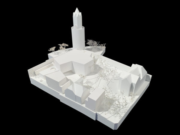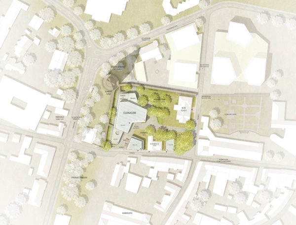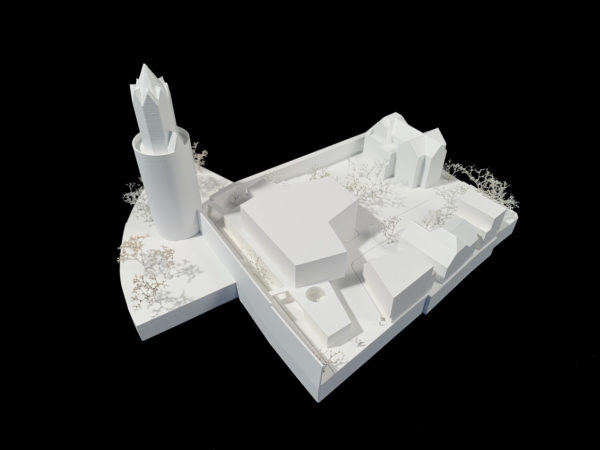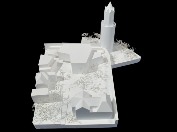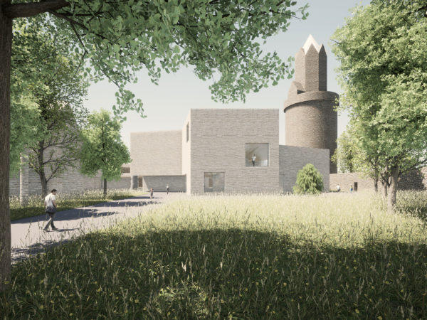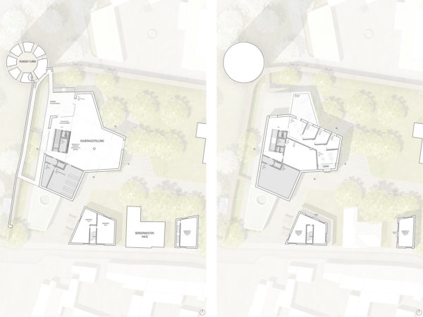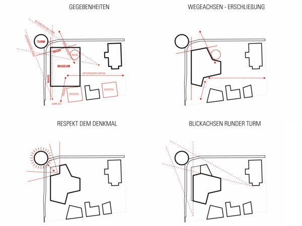 Das Konzept für den Museumsneubau erhält die historische Stadtmauer mit ihrem Rundturm und konzentriert die bauliche Entwicklung auf den inneren Bereich des Grundstücks. Der polygonale Baukörper schafft vielseitige Sicht- und Wegeverbindungen, insbesondere zwischen der Hochstraße im Süden, der historischen Wegeverbindung der Herrengasse und dem neuen Museumsgarten. Dabei ermöglichen Fassadenrücksprünge gezielte Blickachsen, wie etwa auf den Turm.
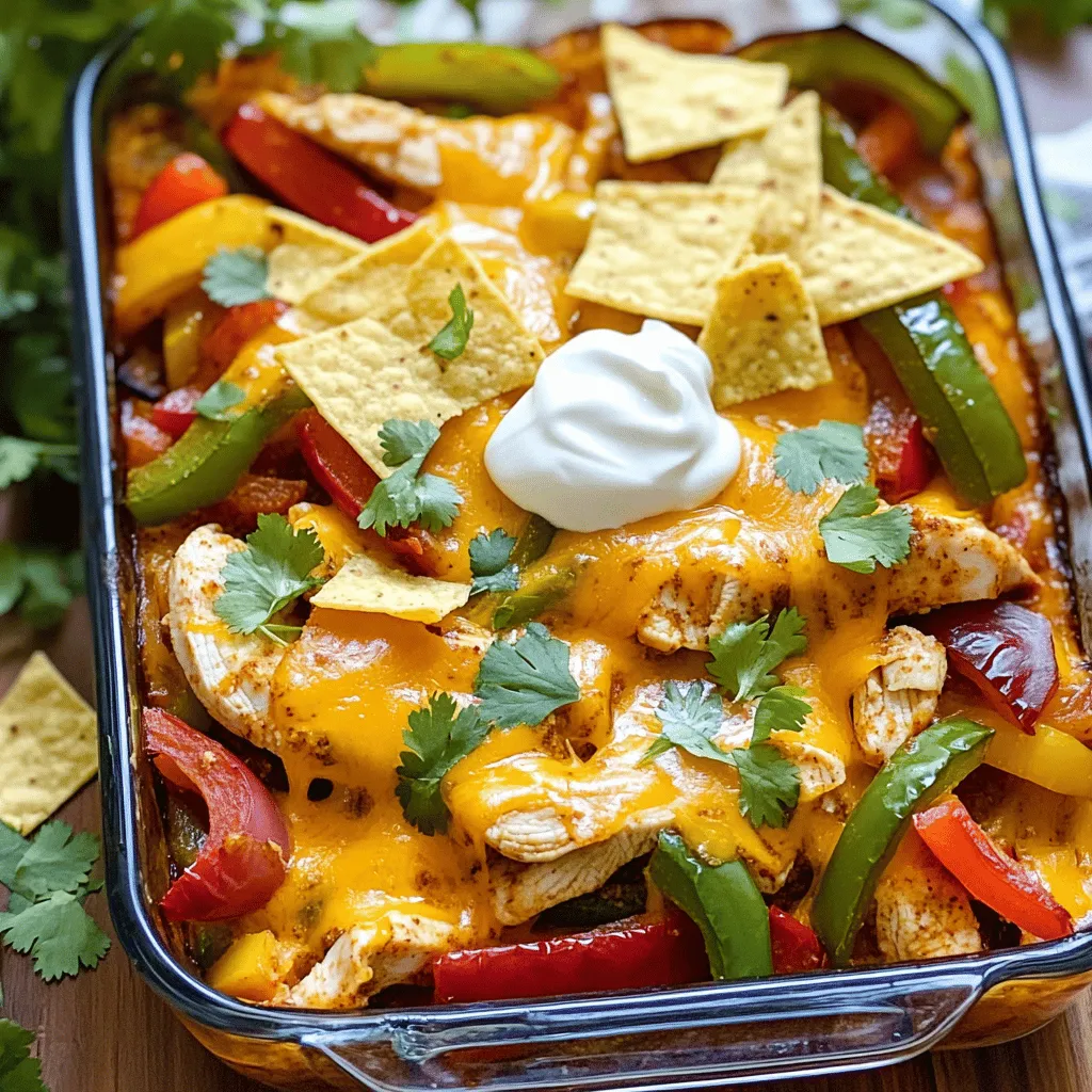 ![- 2 boneless, skinless chicken breasts, sliced thin - 1 red bell pepper, sliced - 1 green bell pepper, sliced - 1 yellow onion, sliced - 2 tablespoons olive oil - 2 tablespoons fajita seasoning - 1 cup shredded cheddar cheese - 1 cup salsa - 8 small flour tortillas - Fresh cilantro, for garnish - Sour cream or Greek yogurt, for serving (optional) The first step is to gather your main ingredients. You need chicken and vegetables. Choose fresh, vibrant bell peppers. They add color and crunch. The fajita seasoning brings bold flavor to the dish. You can buy it pre-made or mix your own spices. Next, we add cheese and tortillas. Shredded cheddar melts beautifully on top. It gives a creamy texture to each bite. The tortillas will create a crispy topping. This makes the dish even more appealing. You can find the full recipe to see all the steps. Enjoy cooking this dish with these simple, tasty ingredients! Preheating the Oven Start by preheating your oven to 375°F (190°C). This step is key for even cooking. Mixing Ingredients In a large bowl, combine the sliced chicken, bell peppers, onion, olive oil, and fajita seasoning. Toss well until all the pieces are coated. This mix is where the flavors start to build. Assembling the Dish Grab a 9x13 inch baking dish. Spread the chicken and vegetable mix evenly across the bottom. Pour the salsa over the top, spreading it out evenly. Now, sprinkle the shredded cheddar cheese across the mixture. This will melt and create a delicious layer. Tear the flour tortillas into bite-sized pieces and scatter them on top. This adds a nice crispy texture when it bakes. Covering and Initial Bake Cover the baking dish with aluminum foil. Bake for 25 minutes. This keeps the dish moist and helps the chicken cook through. Uncovering and Final Bake After 25 minutes, carefully remove the foil. Bake for an additional 10-15 minutes. Look for the cheese to be bubbling and golden brown. This is when it gets really tasty! Cooling and Serving Once baked, remove the dish from the oven. Let it cool for a few minutes to avoid burns. Garnish with fresh cilantro. Serve with sour cream or Greek yogurt on the side for a creamy touch. Enjoy your Easy Chicken Fajita Bake! For the complete recipe, check the [Full Recipe]. - Cutting Chicken and Vegetables: Slice the chicken and vegetables evenly. Thin slices cook faster. Aim for about a quarter-inch thickness. This ensures the chicken stays juicy while the veggies soften nicely. - Achieving Maximum Flavor: Use fresh fajita seasoning. You can also make your own with chili powder, cumin, and garlic powder. Toss the chicken and veggies well in olive oil and seasoning. Let them marinate for 15-30 minutes if you have time. This boosts the taste. - Ensuring Proper Baking: Preheat your oven to 375°F first. Cover the dish with foil for the first bake. This keeps moisture in. Remove the foil later for a crispy cheese topping. Bake until the cheese is golden and bubbly. This usually takes 10-15 extra minutes. - Ideal Accompaniments: Pair your fajita bake with rice or beans. These sides balance the flavors well. You can also enjoy it with tortilla chips for some added crunch. - Adding Garnishes: Fresh cilantro adds a bright flavor. Sour cream or Greek yogurt gives a creamy touch. You can also add avocado slices for creaminess. - Make-Ahead Tips: Prepare the chicken and veggies the night before. Store them in the fridge. You can assemble and bake the dish in the morning. This saves time and makes for a quick meal. For the full recipe, check out Easy Chicken Fajita Bake. {{image_2}} Protein Alternatives You can change the chicken to make this dish your own. Try using shrimp or beef strips instead. For a lighter option, use turkey. Each protein adds a unique flavor and texture. Vegetable Customizations Feel free to swap any veggie you like. Try zucchini, mushrooms, or corn for a twist. You could even add spinach or kale for a healthy boost. Mixing colors makes the dish pop and taste better. Different Cheeses Cheese adds creaminess and flavor. If you want a stronger taste, use pepper jack or Monterey Jack. For a milder flavor, stick with mozzarella. Mixing cheeses can also give a tasty result. Adjusting Spice Levels You can make this dish as spicy or mild as you want. If you prefer less heat, lessen the fajita seasoning. You can also leave out spicy peppers or use sweet bell peppers instead. Adding Heat with Peppers If you love spice, add jalapeños or serrano peppers. You can slice them thin and mix them in with the other veggies. This will give your dish a nice kick without overpowering. Creating a Vegetarian Version To make a vegetarian version, leave out the chicken. Replace it with extra beans or tofu for protein. You can still use all the same veggies and spices. This keeps the flavors strong and satisfying. For the full recipe, check out [Full Recipe]. Refrigeration Tips After enjoying your Easy Chicken Fajita Bake, store leftovers in an airtight container. Make sure to cool the dish to room temperature first. Place the container in the fridge. Properly stored, it will last for up to four days. If you want to keep it fresh longer, consider freezing it. Freezing Guidelines For freezing, use a freezer-safe container. You can also wrap individual portions in plastic wrap and then place them in a freezer bag. This way, you can take out just what you need later. The dish can be frozen for up to three months. Just remember to label your container with the date. Oven Method To reheat in the oven, preheat it to 350°F (175°C). Place the fajita bake in a baking dish. Cover it with foil to keep it moist. Heat for about 20-25 minutes or until it’s hot throughout. Remove the foil for the last few minutes if you want a crispy top. Microwave Method For a quick reheating option, use the microwave. Place a single portion on a microwave-safe plate. Cover it with a microwave-safe lid or wrap. Heat on high for 1-2 minutes. Check if it’s hot enough; if not, 
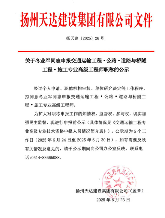 關(guān)于冬業(yè)軍同志申報交通運輸工程?公路?道路與橋梁工程?施工專業(yè)高級工程師職稱的公示
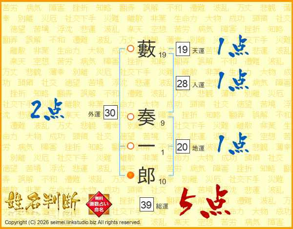 藪奏一郎さんの総運は39画の5点!
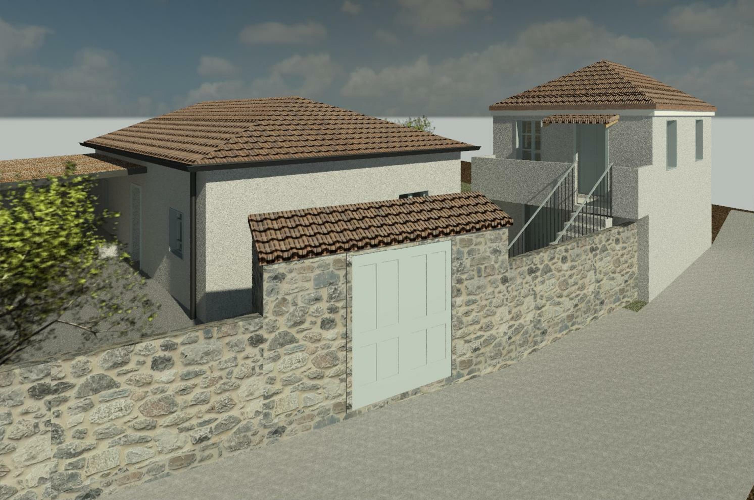 make it more realistic with a background of a village with small houses make the stone wall with more mortar
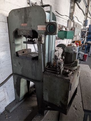 Potencia 40 Toneladas Trifásica 380 V. 2 HP Especial para Bakelita Puede troquelar, enderezar, doblar, embutir o prensar todo tipo de materiales. Dispone de extractor en la base y regulador de presión. 3 metros de altura total y ocupa 1 metro cuadrado de superficie aproximadamente. Peso 800 kg aprox. Se ha de desmontar en tres partes para poder moverla y cargarla, a cargo del comprador. Dispongo de vídeo descriptivo.
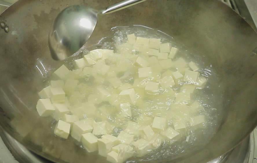 3、豆腐打焯用的是淡盐水,去腥入味,还不容易碎,一开锅就倒出来,再凉水冲一下,省类粘一块。

+ + + + + + +

Reproduce the lines of the listing exactly, starting at the one that contains "藪奏一郎さんの総運は39画の5点!" and continuing through the final line, but leave out the pictures.

 藪奏一郎さんの総運は39画の5点!
 make it more realistic with a background of a village with small houses make the stone wall with more mortar
 Potencia 40 Toneladas Trifásica 380 V. 2 HP Especial para Bakelita Puede troquelar, enderezar, doblar, embutir o prensar todo tipo de materiales. Dispone de extractor en la base y regulador de presión. 3 metros de altura total y ocupa 1 metro cuadrado de superficie aproximadamente. Peso 800 kg aprox. Se ha de desmontar en tres partes para poder moverla y cargarla, a cargo del comprador. Dispongo de vídeo descriptivo.
 3、豆腐打焯用的是淡盐水,去腥入味,还不容易碎,一开锅就倒出来,再凉水冲一下,省类粘一块。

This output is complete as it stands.